▶ **RECORDS FOR PROCESSING**
^^^^^^^^

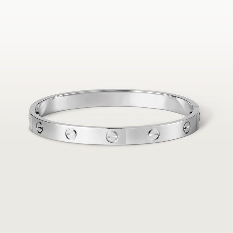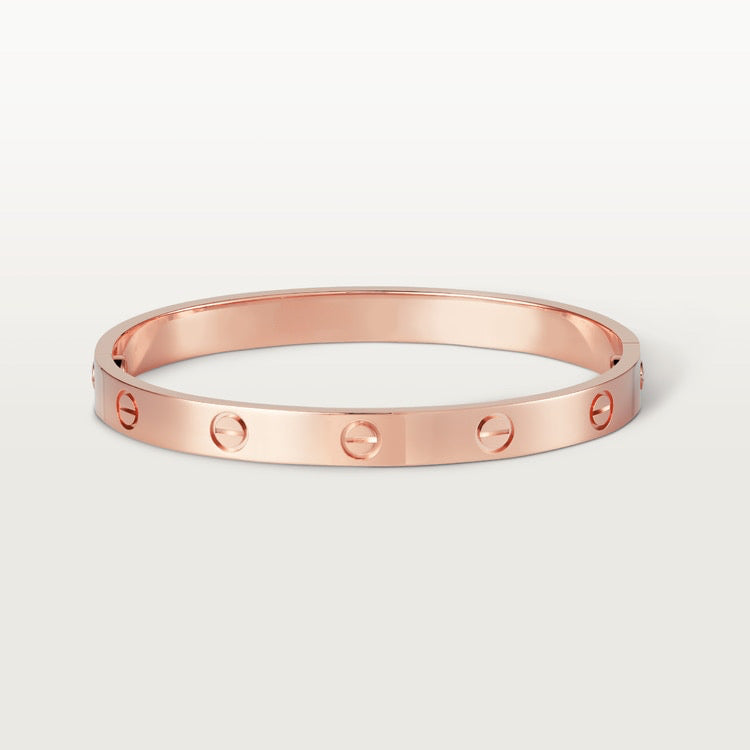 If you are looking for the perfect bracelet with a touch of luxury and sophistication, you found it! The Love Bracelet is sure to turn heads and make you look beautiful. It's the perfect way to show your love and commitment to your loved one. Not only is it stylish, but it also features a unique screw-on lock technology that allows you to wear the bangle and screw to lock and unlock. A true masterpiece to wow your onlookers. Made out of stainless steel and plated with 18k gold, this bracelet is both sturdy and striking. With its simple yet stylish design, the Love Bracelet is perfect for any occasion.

^^^^^^^^

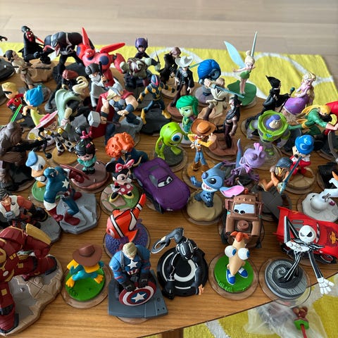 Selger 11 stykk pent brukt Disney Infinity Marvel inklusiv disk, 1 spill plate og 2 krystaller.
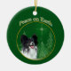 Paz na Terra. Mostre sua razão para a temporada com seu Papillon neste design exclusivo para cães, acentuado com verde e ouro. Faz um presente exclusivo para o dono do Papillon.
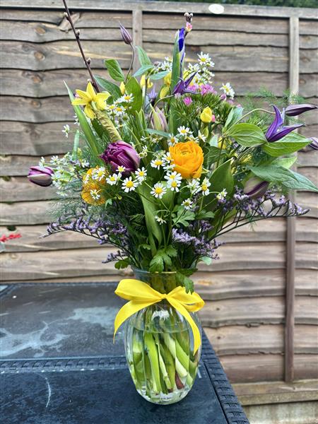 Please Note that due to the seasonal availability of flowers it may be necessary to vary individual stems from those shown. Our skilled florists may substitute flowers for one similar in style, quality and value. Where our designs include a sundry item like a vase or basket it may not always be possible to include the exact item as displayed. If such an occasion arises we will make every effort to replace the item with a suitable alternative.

^^^^^^^^

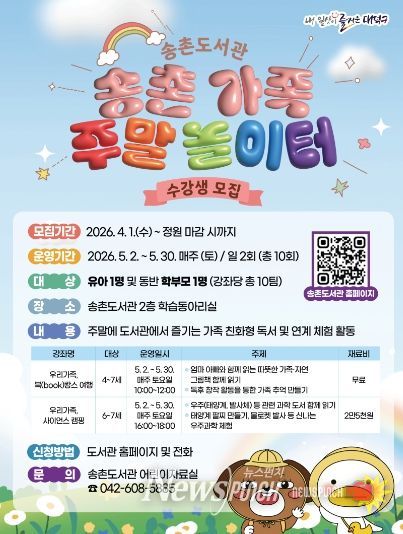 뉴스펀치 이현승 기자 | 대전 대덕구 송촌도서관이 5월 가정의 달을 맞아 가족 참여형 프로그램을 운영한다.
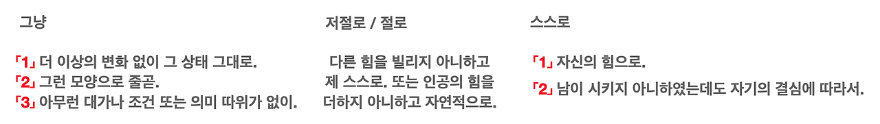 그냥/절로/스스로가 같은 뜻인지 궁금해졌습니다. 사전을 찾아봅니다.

^^^^^^^^

For this exercise, please set down exactly the lines of the listing above from the line with "뉴스펀치 이현승 기자" up to and including the line with "그냥/절로/스스로가 같은 뜻인지 궁금해졌습니다. 사전을 찾아봅니다.", and no pictures.

▶ **PROBLEM SOLUTION**
 뉴스펀치 이현승 기자 | 대전 대덕구 송촌도서관이 5월 가정의 달을 맞아 가족 참여형 프로그램을 운영한다.
 그냥/절로/스스로가 같은 뜻인지 궁금해졌습니다. 사전을 찾아봅니다.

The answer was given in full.